The point about developers using 'fully permitted' as a selling point while asking for federal financing is such a good tell. I've seen this dynamic play out in clean tech too where the regulator blame game masks what are fundamentaly capital allocation problems. The lithium timing window you mentioned is interesting, reminds me of how solar manufacturing had a similar window around 2018-2019 that most domestic players missed. Curious whether the 30-year timeline figure accounts for projects that got shelved entirely during down cycles.

Kyle G's avatar

This is written by an ex-regulator, that’s for sure. As they say, “Never reason from a price change.” Or let’s try — “Never reason from a change in market structure.”

You cannot accept as given that project timelines have ballooned, uncertainty risen, and costs skyrocketed, and then ask whether—in light of all that—a few measly regulations are the problem.

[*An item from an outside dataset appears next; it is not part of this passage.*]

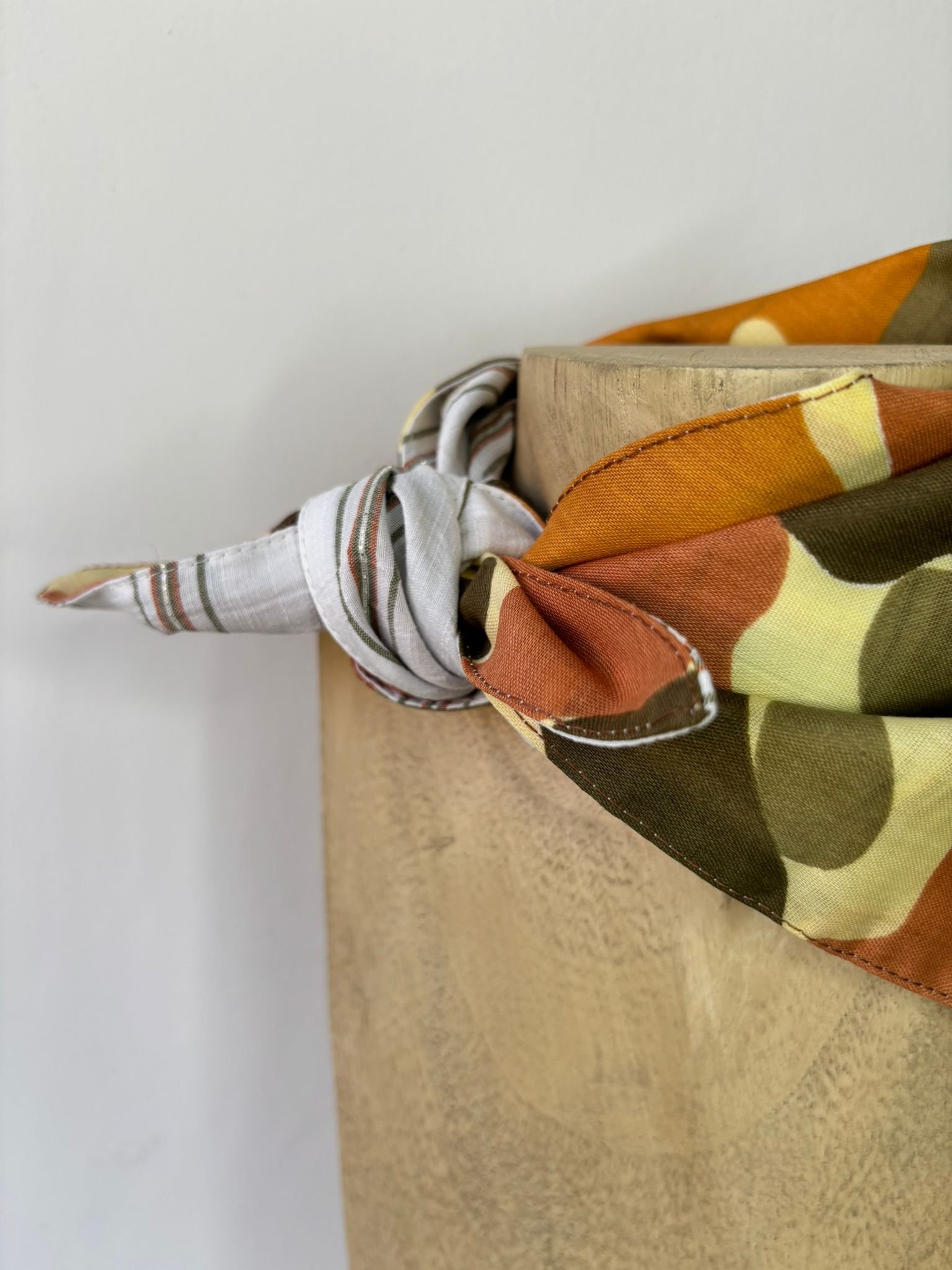 Bandana reversible. Por un lado estampado camuflaje en tonos calabaza y verde caza combinando el reversible en una base blanca con verde caza y lurex dorado. Hecho a mano. Cuidados: Lavar preferiblemente a mano con agua fría, no usar secadora y planchar a baja temperatura

Why? Well, the answer is already in your essay. You just need to take out the deflection and passive framing of your conclusion on regulatory burden. You say:

“Ultimately, this collection of statutory and regulatory measures does produce industry frustrations and fuels rhetoric about creating long project timelines, uncertainty, and weaker returns on investment.”

Here’s the rewrite, admitting that regulations actually do something, not just “fuel rhetoric”:

“Ultimately, this collection of statutory and regulatory measures frustrates industry and creates long project timelines, uncertainty, and weaker returns on investment.”

There you go. You have successfully gotten the order of operations right. Long timelines, uncertain funding, and bad finances are not some exogenous curse. They sit on top of the underlying problem—a convoluted and burdensome permitting and regulation scheme—that you want to wave away.